As described in the earlier article on deploying LLMs as Domino Model Endpoints, you cannot store the model binaries in the run associated with the registered model version. This causes the explosion in the size of the model image and is both operationally and cost inefficient.

Instead, you can use nested MLflow runs. We register an empty mlflow.pyfunc.PythonModel model [https://mlflow.org/docs/latest/api_reference/python_api/mlflow.pyfunc.html] for the parent run, where we log the model binaries as artifacts and register a model version. The model binaries are copied to the development Triton inference server folder using this model name and model version.

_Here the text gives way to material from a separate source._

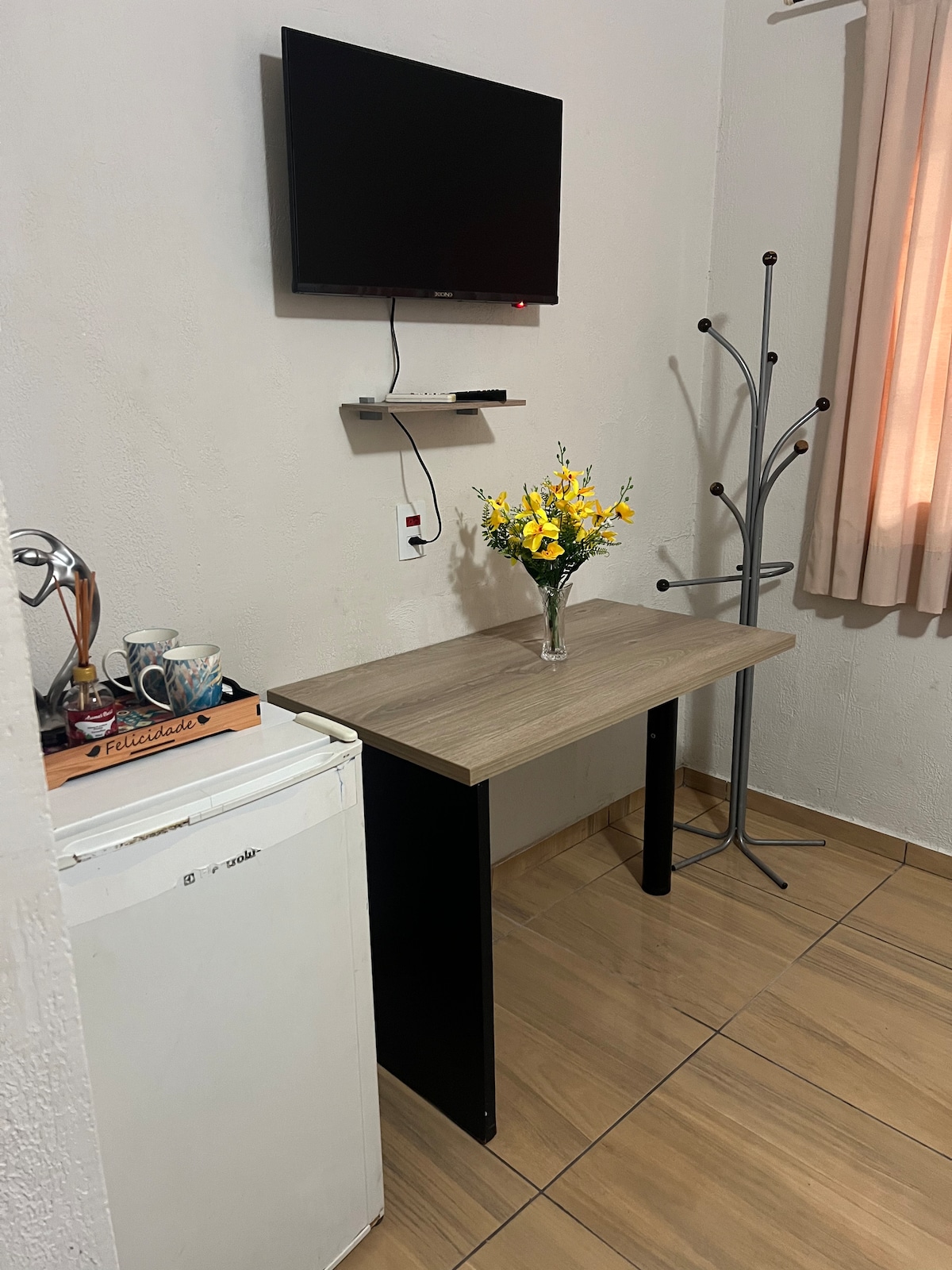 Seja bem-vindo à sua hospedagem favorita em Foz! Suíte charmosa, com entrada independente e uma mini copa só sua: tem micro-ondas, frigobar, cafeteira, jarra elétrica, sanduicheira, mesa e cadeiras. Ideal pra um café ou lanchinho. Ah, e os itens para o primeiro café da manhã são por nossa conta! 😊

Once you have this model name and model version, start a child run and create the actual mlflow.pyfunc.PythonModel model you wish to use to make inferences. This second model has all the information it needs to invoke the Triton inference server in its registered model context:

The Triton inference server name
The registered model name [of the first empty model]
The registered model version [of the first empty model]

The invocation of the Triton inference server needs awareness of the Domino Inference Server Proxy endpoint. This is configured in the Domino Model Endpoint as an environment variable [DOMINO_INFERENCE_PROXY]. The model developer configures the endpoint to the development Domino Inference Server Proxy and tests the endpoint by passing the model payload.

Once satisfied, the model developer asks the Domino user in the designated production deployer to deploy this model. This step requires the prod deployer to create the same folder structure in the production Triton inference server (a separate Domino dataset to which the model developers do not have access). The steps the production deployer will follow are similar to the ones mentioned in the previous article, where LLMs were deployed to Domino endpoints:

Use the registered model name and model version to fetch the mlflow-run-id
Use S3 bulk download (from an IRSA configured workspace) to download the model binaries and configurations
Copy those model files into an identical folder structure in the production dataset (aka production Triton inference server)

Restart the model endpoint after changing the [DOMINO_INFERENCE_PROXY] to point to the production instance of the inference server proxy endpoint

And now all requests for model inference will strike the production Triton inference server.

How to achieve cost savings with this design

Let us reiterate what is so compelling about this design. Triton allows you to load multiple models into the memory (CPU or GPU, depending on what is being used) of the compute being used for model serving.

The Domino Model Endpoints are now mere proxies to the actual endpoints hosted in Triton inference servers. For models using expensive compute (GPU or large number of CPU’s for short bursts) it allows us to share these expensive compute nodes across multiple endpoints.

Compare that with the default where you have dedicated compute resources for each Domino endpoint. Endpoints are always running. Endpoints that are idle for large amounts of time, end up being wasteful from a cost perspective. This approach allows you to maximize the use of your compute nodes for model inference.

How to make scaling decisions for Triton inference servers

A Triton inference server will host models. For the sake of this discussion, let us only focus on the server whose loading policy is to pre-load all models in memory (GPU or CPU, depending on the model configuration). For the server that allows models to be loaded and unloaded on demand, the same discussion applies with minor modifications.

There are two types of scaling:

Horizontal scaling - We scale out if we need to load balance a model invocations to multiple GPUs or multiple GPU partitions. When GPU memory usage is moderate but GPU compute utilization approaches saturation, add more GPUs. This will cause Triton to load multiple model instances across available GPUs, enabling concurrent inference and distributing the load.
Vertical scaling - Vertical scaling is needed when a model needs more GPU resources (GPU memory) to execute. If GPU memory is saturated but compute utilization is moderate, you should upgrade to a GPU with more memory or assign the model to a larger MIG partition. Alternatively, you can add additional GPUs and redistribute model instances across the expanded pool.